Extension: Increasing angle at a joint (e.g., straightening the arm).
Muscle Functional Roles:
Agonist: Main muscle performing the action.
Synergists: Assist the agonist.
Antagonists: Oppose the action of agonists; relationships can change based on movement type.
8.24 Major Skeletal Muscles
Naming Muscles: Based on size, shape, location, action, number of attachments, or fiber direction.
Examples include pectoralis major, deltoid, and biceps brachii.
8.25 Muscles of Facial Expression
Role: Connect to bones and skin to enable various facial expressions.
Key Muscles:
Epicranius: Elevates the eyebrow.
Orbicularis oculi: Closes the eye.
Zygomaticus: Elevates the corner of the mouth.
8.26 Muscles of Mastication
Role: Facilitate chewing by moving the mandible.
Muscles:
Masseter: Elevates mandible.
Temporalis: Elevates and retracts mandible.
8.27 Muscles that Move the Head
Key Muscles:
Sternocleidomastoid: Flexes and rotates the head.
Splenius capitis, semispinalis capitis, and scalenes assist in head movement.
8.28 Muscles that Move the Pectoral Girdle
Function: Whole group involves scapula movement.
Major muscles include trapezius, rhomboid major, and serratus anterior.
8.29 Muscles that Move the Arm
Function: Connect arm's motion to the torso.
Examples:
Flexors: Pectoralis major, coracobrachialis.
Extensors: Teres major, latissimus dorsi.
8.30 Muscles that Move the Forearm
Flexors: Biceps brachii, brachialis; Extensor: Triceps brachii.
Rotators: Supinator and pronator teres/quadratus affect forearm movement.
8.31 Muscles that Move the Hand
Movements: Include flexion, extension, abduction, adduction, and include several flexor and extensor muscles.
8.32 Muscles of the Abdominal Wall
Support Role: Connect rib cage to the pelvic girdle through broad muscles, increasing abdominal pressure.
Core Muscles: External and internal oblique, transverse abdominis, rectus abdominis.
8.33 Muscles of the Pelvic Floor
Structure: Composed of two muscular sheets providing pelvic support.
Deeper pelvic diaphragm: Levator ani, coccygeus.
Superficial urogenital diaphragm: Transverse perineal and bulbospongiosus muscles.
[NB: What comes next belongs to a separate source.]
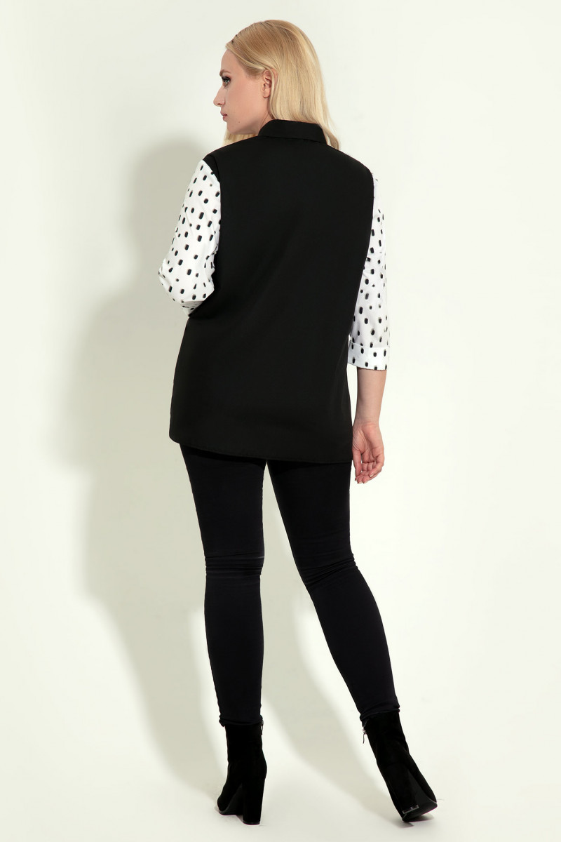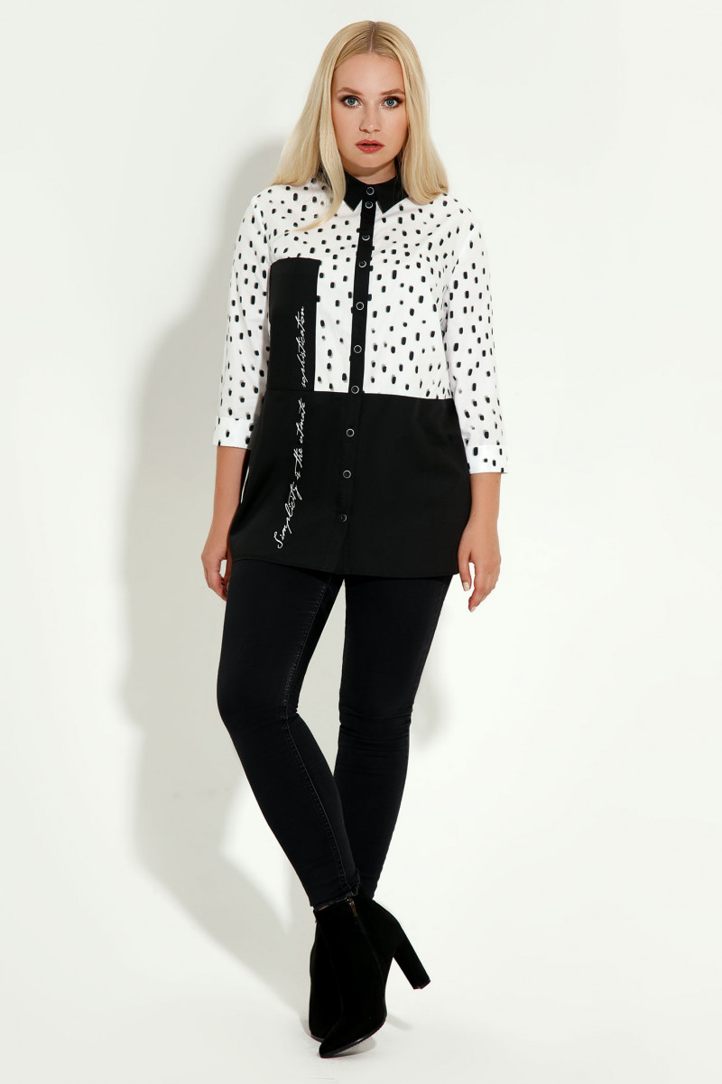Стильная и очень эффектная блузка построена на контрастных графичных сочетаниях чёрного и белого. Рукав длиной 3/4 застёгивается на две пуговицы на отрезном манжете. Воротник рубашечный,на стойке. Застёжна спереди на отрезную планку с петлями и пуговицами. По переду выполнен горизонталиный рез и накладной карман . Нижняя деталь переда и карман декорированя шрифтовым принтом. Спинка однотонная чёрная. Прекрасный вариант рубашки на каждый день для стильной ,девушки, стремящейся выглядеть эффектно и привлекательно.

8.34 Muscles that Move the Thigh
Classification: Muscles are grouped as anterior (hip flexors), medial (adductors), or posterior (hip extensors).
8.35 Muscles that Move the Leg
Role: Connect femur to tibia/fibula; flexors (hamstring group) and extensors (quadriceps).
8.36 Muscles that Move the Foot
Movements: Includes dorsiflexion, plantar flexion, inversion, and eversion, linked to various leg muscles.